# Bagging in Machine Learning | [Link](Bagging/Bagging.ipynb)

Bagging (Bootstrap Aggregating) is an ensemble learning technique used to improve the stability and accuracy of machine learning models. It works by creating multiple versions of a predictor by training on bootstrapped samples from the original data, then aggregating their predictions.

## Key Concepts

- **Bootstrap Sampling:**  
  Generate multiple training datasets by randomly sampling (with replacement) from the original dataset.
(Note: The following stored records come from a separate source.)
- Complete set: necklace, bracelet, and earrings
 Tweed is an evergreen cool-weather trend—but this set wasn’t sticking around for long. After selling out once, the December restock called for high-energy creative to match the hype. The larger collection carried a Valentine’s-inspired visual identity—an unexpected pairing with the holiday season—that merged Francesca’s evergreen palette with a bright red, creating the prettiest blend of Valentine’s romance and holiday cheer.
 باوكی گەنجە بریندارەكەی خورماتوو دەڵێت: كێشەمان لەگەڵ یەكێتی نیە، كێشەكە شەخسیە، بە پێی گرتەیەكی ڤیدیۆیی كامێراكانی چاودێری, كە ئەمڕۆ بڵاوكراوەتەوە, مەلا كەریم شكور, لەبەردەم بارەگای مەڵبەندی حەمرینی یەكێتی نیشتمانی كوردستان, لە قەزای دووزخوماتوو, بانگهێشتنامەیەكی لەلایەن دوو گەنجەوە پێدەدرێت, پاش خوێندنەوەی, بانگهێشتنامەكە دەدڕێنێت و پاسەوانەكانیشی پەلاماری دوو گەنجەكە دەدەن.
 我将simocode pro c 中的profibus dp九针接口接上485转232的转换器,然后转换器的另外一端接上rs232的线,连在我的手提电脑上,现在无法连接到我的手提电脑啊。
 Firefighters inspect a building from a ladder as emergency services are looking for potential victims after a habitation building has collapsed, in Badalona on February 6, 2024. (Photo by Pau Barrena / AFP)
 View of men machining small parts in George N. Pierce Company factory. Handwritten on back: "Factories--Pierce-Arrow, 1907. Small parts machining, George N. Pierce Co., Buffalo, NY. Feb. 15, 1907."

Each bootstrap sample typically contains about 63.2% of unique data points.

- **Base Learners:**  
  Train a base model (e.g., decision tree, neural network) on each bootstrap sample independently.

- **Aggregation:**  
  Combine the predictions from all base models:
  - For regression: Average the outputs.
  - For classification: Use majority voting.
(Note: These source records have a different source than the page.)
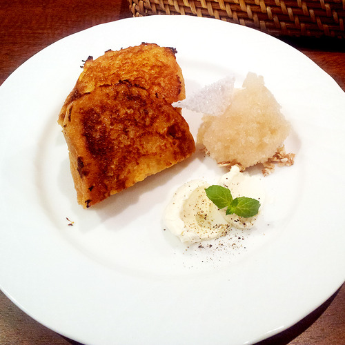 フレンチトーストは横に添えられた梨のジェラートやクリームチーズと黒胡椒をつけて食べても良かったですが、それぞれ単体で食べても美味しかったです。フレンチトーストは何だか甘みがおいもさんのような味だなぁと思い、店員さんに聞いてみると甜菜糖の「ヴェルジョワーズ」なる砂糖を使用しているからかも……と仰られていました。
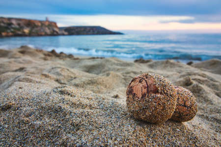 Close-up of champagne cork on a sandy beach with the sea in the background
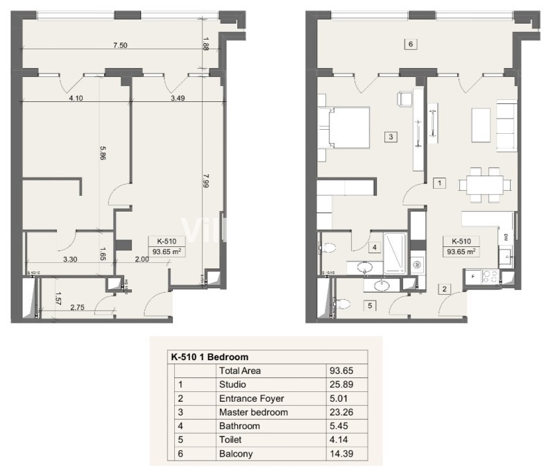 2 otaqlı Dəniz mənzərəli Arabian Ranches mənzilinin sahələri:
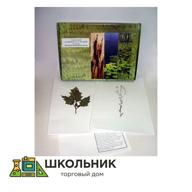 В гербарии представлены 24 вида наиболее распространенных сорных растений, произрастающих в различных географических зонах России: от Сибири до южных районов. Засушенные растения (некоторые с соцветиями и плодами) наклеиваются на гербарные листы (формат А3). К гербарию прилагается список с наименованием растений. В этикетках на гербарных листах даны краткие описания растений.
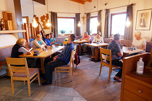 Die Abreise erfolgte nicht ohne, dass vorher das obligatorische Gruppenfoto gemacht wurde. Ehe das Bild im Kasten war, gab es einige Diskussionen über den passenden Hintergrund. Schließlich gab es die Aufstellung vor der Kulisse des zum Teil wolkenverhangenen Schlern. Gegen Abend des Tages waren alle wieder zuhause oder auf dem Weg dorthin.
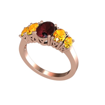 Kök yakut ve sitrin 14 ayar rose altın yüzük

## Mathematical Formulation

For **regression**, the aggregated prediction is calculated as:

<p>
y = (1/N) &sum;<sub>i=1</sub><sup>N</sup> f<sub>i</sub>(x)
</p>

Where:  
- <code>N</code> is the number of base models,  
- <code>f<sub>i</sub>(x)</code> is the prediction from the <code>i</code><sup>th</sup> model, and  
- <code>y</code> is the final aggregated prediction.
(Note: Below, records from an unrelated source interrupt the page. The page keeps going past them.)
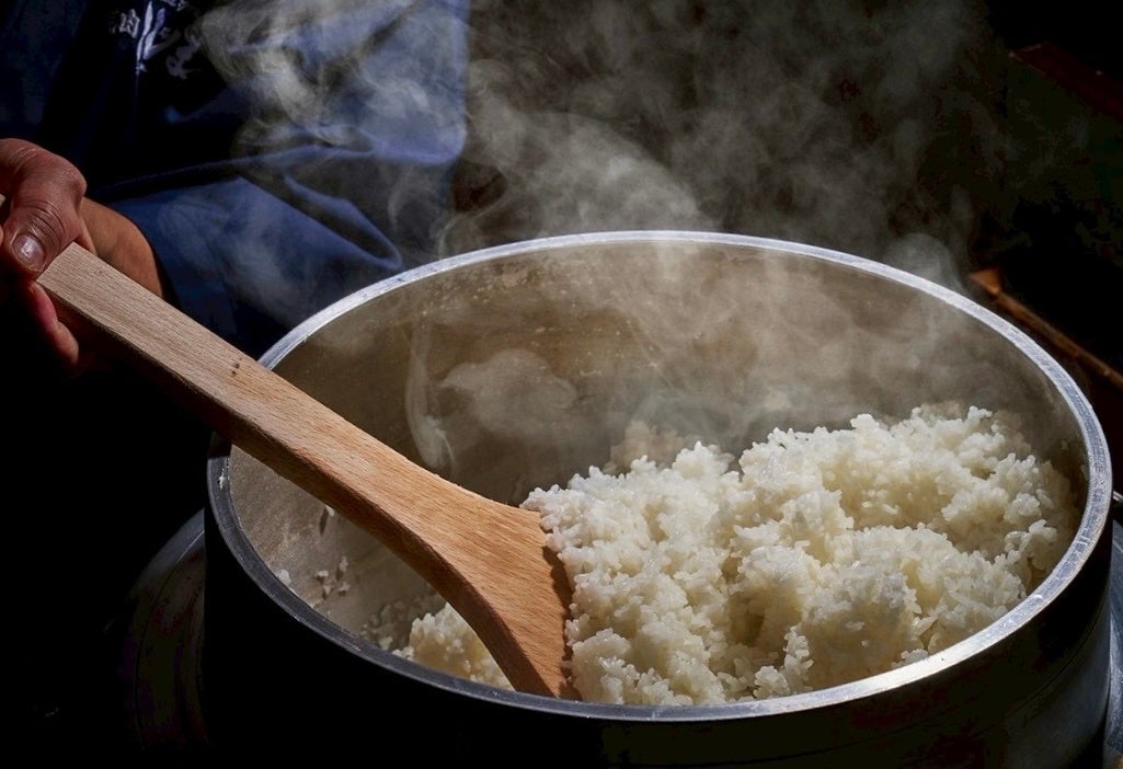巨大な羽釜で一気に炊き上げた
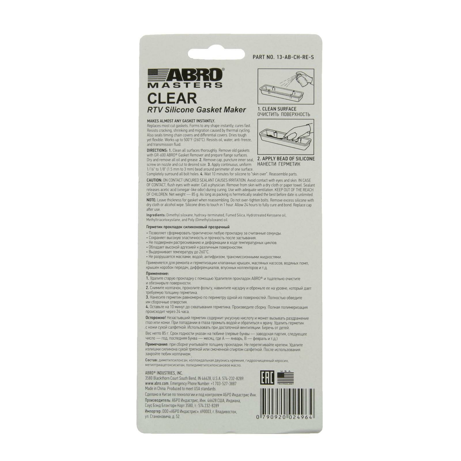 Abro Masters Герметик Прокладок Прозрачный 13-Ab-Ch-Re-S 85Гр. ABRO арт. 13ABCHRES
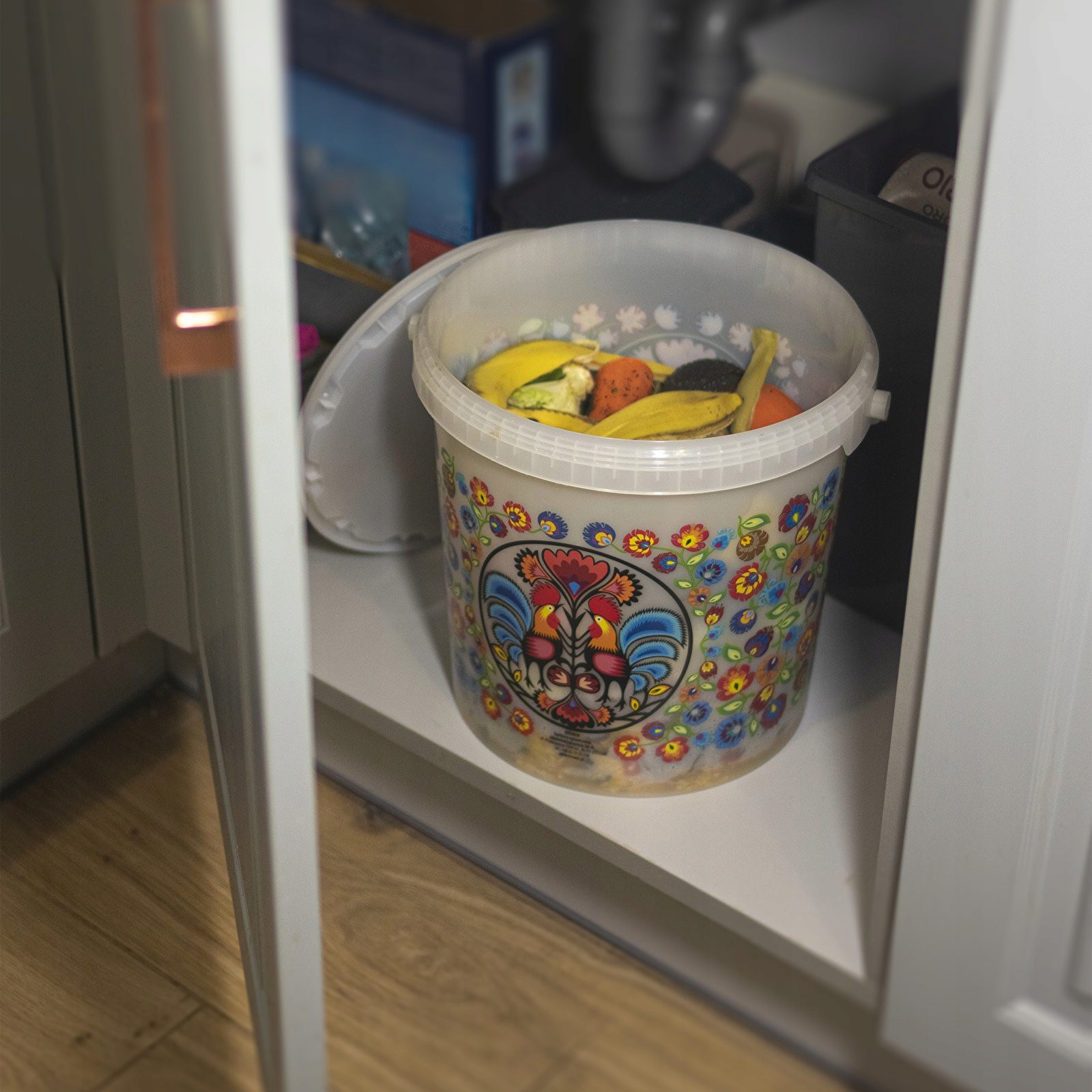 GWIOZDA - це один із трьох типів витинанок з Ловича, які здавна були декоративним елементом в інтер'єрах селянських хат. . Ми вирішили перенести традицію на наше зручне і міцне відерце для їжі, принісши його до вас додому. Відро ідеально підходить не тільки для приготування їжі в домогосподарствах і закладах громадського харчування (наприклад, для соління капусти або сушіння м'яса), але і в садах під час прибирання. Відерце з міцною конструкцією і красивим барвистим принтом, завдяки своїй функціональності та декоративності, чудово підійде і в дитячій кімнаті - як контейнер для іграшок або кубиків. Діти також можуть успішно використовувати його під час канікул, наприклад, на пляжі - маючи з собою свої лопатки та форми, необхідні для будівництва замків з піску! Завдяки великій місткості відро також можна використовувати як контейнер для біосміття та компостер. Зручна складна ручка і кришка дозволяють брати відро на вулицю - наприклад, збирати гриби, рибу або в сад. Ви також можете наповнити своє відерце банками з домашньою консервацією, з кришками, що загвинчуються у моделі Фольк - з таким же дизайном! Безсумнівно одне - харчове відерце GWIOZDA - це універсальна ємність, яка підійде в багатьох ситуаціях, а головне - завжди матиме чудовий вигляд.

For **classification**, the final class is determined by the mode (majority vote) of the predictions:

<p>
y = mode { f<sub>1</sub>(x), f<sub>2</sub>(x), ..., f<sub>N</sub>(x) }
</p>

## Advantages of Bagging

- **Variance Reduction:**  
  Aggregating predictions from diverse models reduces overall variance.
  
- **Robustness:**  
  Bagging helps to mitigate overfitting and improves model stability.

- **Parallel Training:**  
  Since each model is trained independently, the training can be parallelized to save time.

## Python Code Example

Below is an example using the `BaggingClassifier` from scikit-learn with a decision tree as the base estimator on the Wine dataset.

```python
# Import necessary libraries
from sklearn.ensemble import BaggingClassifier
from sklearn.tree import DecisionTreeClassifier
from sklearn.datasets import load_wine
from sklearn.model_selection import train_test_split
from sklearn.metrics import accuracy_score

# Load the Wine dataset
wine = load_wine()
X, y = wine.data, wine.target

# Split the dataset into training and testing sets
X_train, X_test, y_train, y_test = train_test_split(X, y, test_size=0.3, random_state=42)

# Initialize the base classifier (a decision tree in this case)
base_classifier = DecisionTreeClassifier()

# Initialize the BaggingClassifier with 10 base estimators
bagging_classifier = BaggingClassifier(base_estimator=base_classifier, n_estimators=10, random_state=42)

# Train the BaggingClassifier
bagging_classifier.fit(X_train, y_train)

# Make predictions on the test set
y_pred = bagging_classifier.predict(X_test)

# Calculate and print the accuracy
accuracy = accuracy_score(y_test, y_pred)
print("Accuracy:", accuracy)
```

## Summary

Bagging is a simple yet powerful ensemble method that:
- **Reduces variance** by averaging predictions from multiple models.
- **Improves robustness** against overfitting and noisy data.
- **Is highly parallelizable**, making it scalable for large datasets.